Still, Cooper understands why Bulger’s sociopathic blend of charm and murderous rage makes for a good movie villain.

He recalled inviting relatives of some of Bulger’s victims to the film’s Boston premiere and feeling how torn they were between appreciating the dedication to detail that included reenacting murder scenes in the actual South Boston locations, and seeing their worst nightmare replayed as loved ones were killed.

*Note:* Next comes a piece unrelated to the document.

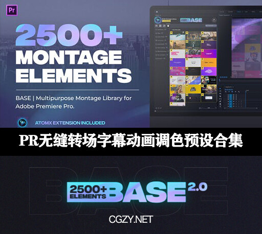 AE脚本|8套AtomX脚本视频无缝转场文字标题排版字幕动画调色预设包
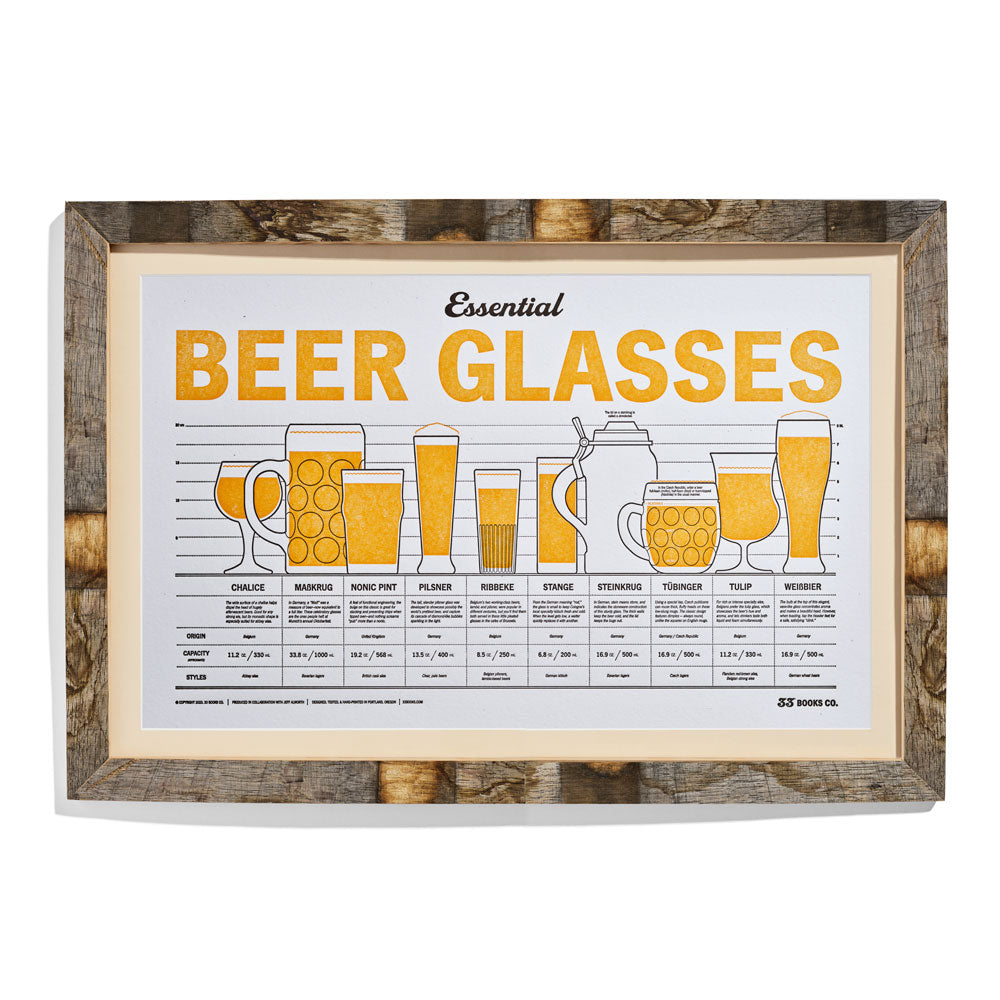 Essential Beer Glassware explains it all in a frameable 12 x 18 inch letterpress print (31 x 46 cm) perfect for hanging in your brewery or bar. It features ten essential glasses, listing their origins, volumes, and a brief bit of history, as well as the beer styles they are designed for. It makes an attractive print for any beer lover, and looks great on the wall in a kitchen, barrel room or bar.

“They thought it was an extremely accurate portrayal, as hard as it was to see the events take place and reopen wounds that were probably will never heal,” he said. “Some reached out to say that while it was difficult, it was an authentic portrayal. They knew the duality that existed within Whitey Bulger, but it’s never easy to see your loved ones ultimately murdered onscreen in ways that were accurately portrayed because I dealt closely with the FBI in Boston and in the end in Los Angeles, these people who chased Whitey for years. One strong supporter of the film was Chief William Bratton, who was police commissioner in New York, LA and Boston. He told me he would be on the beat as a young cop in Boston, and they would drive by Whitey’s garage. And there Whitey would stand and star, much like he did in the film, with his arms crossed at the door. He and his patrol partner would stop and they would look at Whitey. He said Whitey could intimidate you literally from that garage door into your car. He said he hadn’t experienced anything quite like that.”

Cooper said that Bulger’s spell over a prison psychologist might have shown his peculiar gift to mesmerize his subject hadn’t faded, but that it might also have been his undoing by leading to a transfer to a prison that didn’t have enough guards, but allegedly several connected prisoners with long memories.

While the filmmaker got his fill of Bulger in making Black Mass, he believes that public and Hollywood’s fascination with the mobster will likely mean that we haven’t seen the last of the Winter Hill gang leader onscreen.

“In retrospect, I think Whitey Bulger’s story is so epic that it should be told in an eight hour miniseries that could delve more fully into his relationship with his brother, who was the most powerful politician in the city while Whitey created his ring of extortion, robbery, murder and drug dealing in Boston,” Cooper said. “It’s always going to be difficult when you make movies about real characters who are alive and might not like the way they’re portrayed. Sam Shepard made Out of the Furnace with me and told me not long before he died, to keep trying to tell the truth. As an artist, that’s what you are beholden to. Whitey Bulger was a tough story to crack because it was so large. So I did the best I could in a two hour time frame.

“And I understand how many would think, an eye for an eye, and that Whitey got his just desserts,” Cooper said.